Background: Domestic violence and abuse (DVA) is a globally prevalent, health damaging problem. In high income countries, migrant /refugee populations from low/middle income countries often consist of young families. DVA is more prevalent, and barriers to disclosure greater among migrant/refugee than native-born families. Consequently, general practice (GP) patient populations are increasingly diverse, but evidence for culturally safe and effective GP management is minimal. The HARMONY study tested a culturally safe DVA intervention to improve GP identification and referral among South Asian families.
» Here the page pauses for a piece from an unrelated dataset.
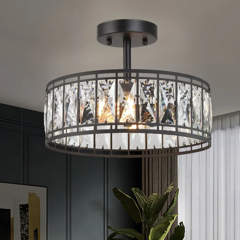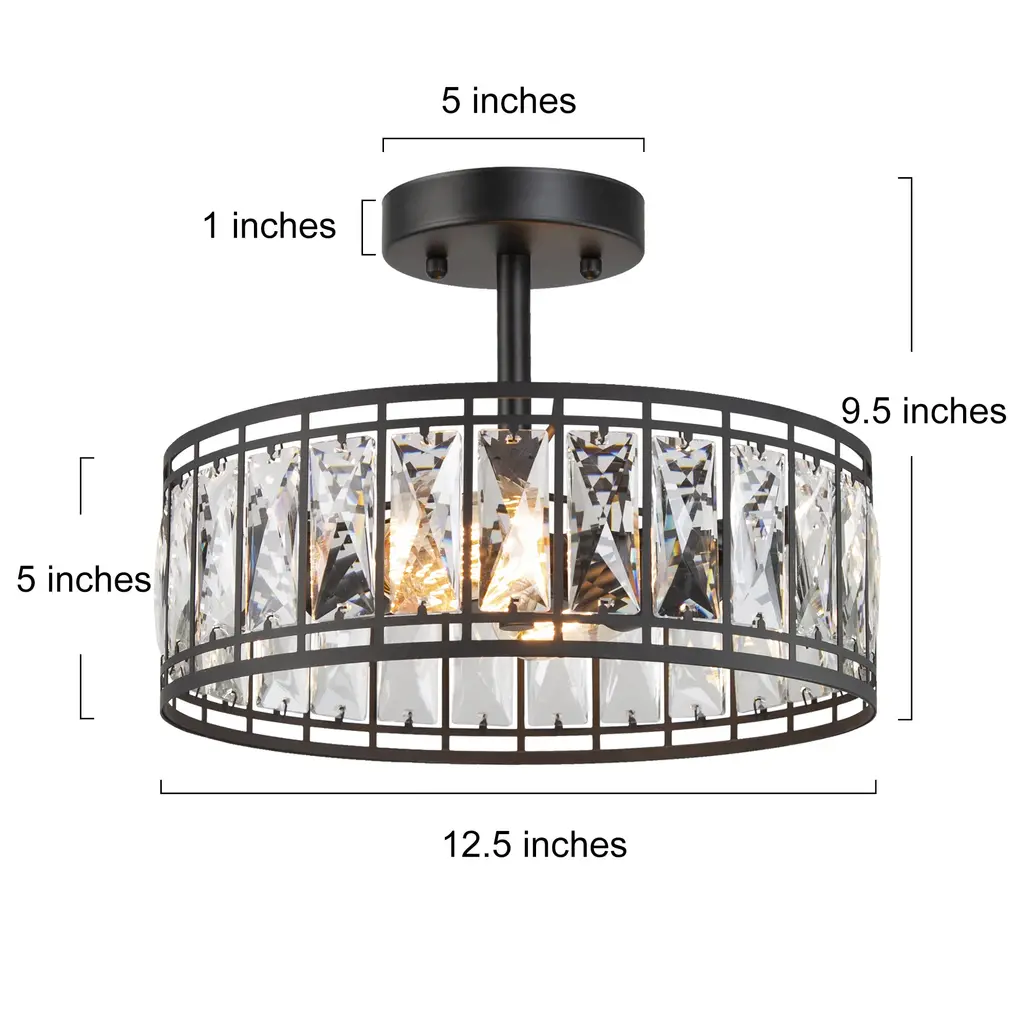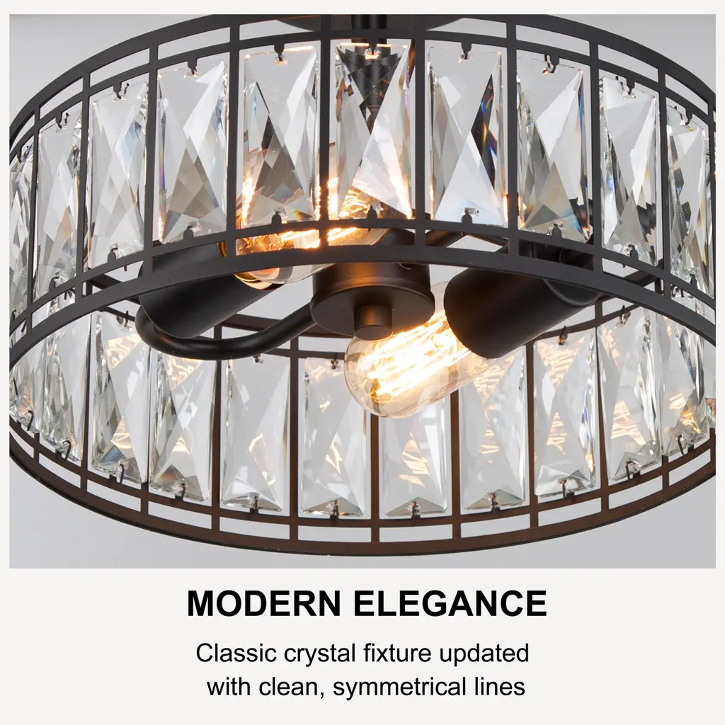 Cirstal 2-Light Modern Black Drum Crystal Chandelier Semi-Flush Mount Ceiling Lights - D12.5"x H 9.5" - D12.5"x H 9.5"

Methods: HARMONY was a pragmatic cluster RCT in 19 GP clinics in two regions of Melbourne, Australia. Eligible practices required ≥ 1 South Asian GP; used one of two common software programs; and agreed to have GrHanite™ software on practice computers. This analysis investigated baseline DVA and ethnicity identification in routine electronic GP data. Deidentified aggregated data for female patients aged ≥ 18 with DVA identification, referral, and South Asian ethnicity data were extracted from medical records. Chi Square for comparison of proportions.
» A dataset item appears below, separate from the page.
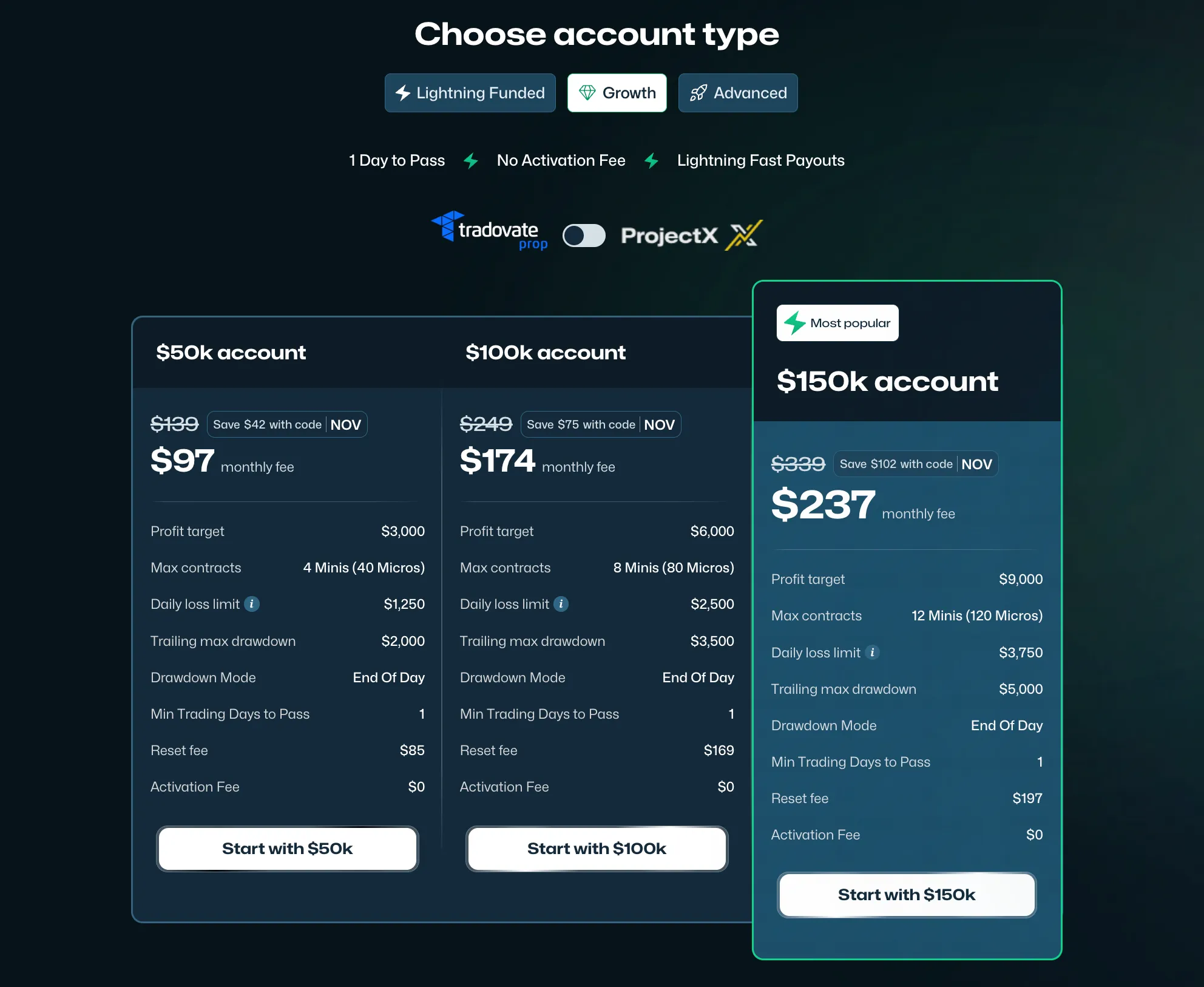 If you want realistic risk rules and a credible route to fast payouts, Growth is the Tradeify account that won’t fight your edge. You’ll pay more each month, but EOD trail + soft DLL + quick withdrawals is exactly what helps disciplined traders cross the line—and keep the account.

Results: Twenty-four clinics were recruited and randomised, but five dropped out due to Covid. Fifty-two percent (50/96) of 19 clinics' staff were South Asian. While 46.7% of female patients (21,220/45,438) were aged 26-45 years, 17.6% (7,874/45,438) were South Asian. There were more South Asian patients in Comparison 20.6% (4,193/20,312) than Intervention 14.7% (3,681/25,126) clinics. South Asian women had less access to Medicare (83% vs 97%) and pensions (13% vs 22%). At baseline, clinicians recorded 0.58% (265/45,438) DVA-affected women. Notably, they identified fewer South Asian (0.38%) (28/7,874) than non-South Asian women experiencing DVA (0.63%) (237/37,564),-0.28% (0.12%-0.43%), p = 0.004. No referrals were identified.
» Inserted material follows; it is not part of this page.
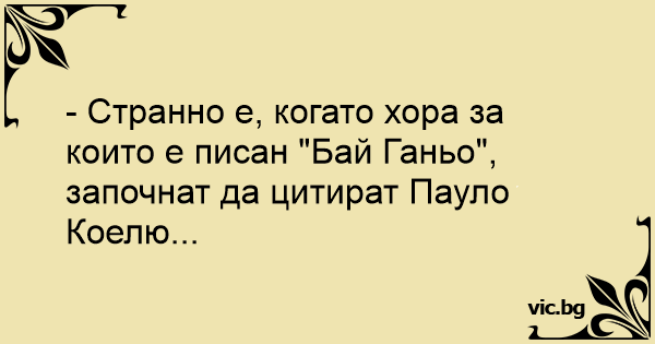 - Странно е, когато хора зa които е писан "Бай Ганьо", започнат да цитират Пауло Кoелю...

Conclusion: DVA was notably under-identified in these patient populations, but worse among South-Asian female patients. While almost one in six of HARMONY's female population were South Asian, fewer than four in 1000 South Asian women were identified as experiencing DVA. Greater effort to regularly train and to support GP clinics to better identify DVA is vital but even more important in diverse communities to provide culturally safe DVA identification, care and documentation.

Trial registration: ACTRN12618001845224 on 13/11/2018.

来自HARMONY的基线队列数据,HARMONY是一项一般实践中文化安全家庭暴力管理的随机对照试验。
背景:家庭暴力和虐待(DVA)是全球普遍存在的危害健康的问题。在高收入国家,来自低收入/中等收入国家的移民/难民人口往往由年轻家庭组成。DVA在移民/难民中比在本土出生的家庭中更为普遍,对信息披露的障碍也更大。因此,全科医生(GP)患者群体日益多样化,但文化上安全和有效的全科医生管理的证据是最小的。HARMONY研究测试了一种文化上安全的DVA干预,以提高全科医生在南亚家庭中的识别和转诊。方法:HARMONY是一项实用的集群随机对照试验,在澳大利亚墨尔本两个地区的19个GP诊所进行。合格执业要求≥1名南亚全科医生;使用两种常用软件中的一种;并同意在练习电脑上使用GrHanite™软件。本分析调查了常规电子GP数据中的基线DVA和种族识别。从医疗记录中提取年龄≥18岁的DVA识别、转诊和南亚族裔女性患者的未识别汇总数据。x平方分布用于比例比较。结果:随机招募了24家诊所,但有5家因Covid而退出。19个诊所的工作人员中52%(50/96)是南亚人。46.7%的女性患者(21,220/45,438)年龄在26-45岁之间,17.6%(7,874/45,438)为南亚人。南亚患者在对照组(20.6%)(4193 / 20312)多于干预组(14.7%)(3681 / 25126)。南亚妇女获得医疗保险(83%对97%)和养老金(13%对22%)的机会较少。在基线时,临床医生记录了0.58%(265/45,438)的dva患者。值得注意的是,他们发现南亚女性(0.38%)(28/7,874)比非南亚女性(0.63%)(237/37,564),-0.28% (0.12%-0.43%),p = 0.004。没有确定转诊。结论:DVA在这些患者群体中明显被低估,但在南亚女性患者中更严重。虽然HARMONY的女性人口中几乎有六分之一是南亚人,但每1000名南亚女性中只有不到四人被确定患有DVA。更大的努力定期培训和支持全科医生诊所更好地识别DVA是至关重要的,但更重要的是在不同的社区提供文化上安全的DVA识别、护理和文件。试验注册:13/11/2018 ACTRN12618001845224。
本文章由计算机程序翻译,如有差异,请以英文原文为准。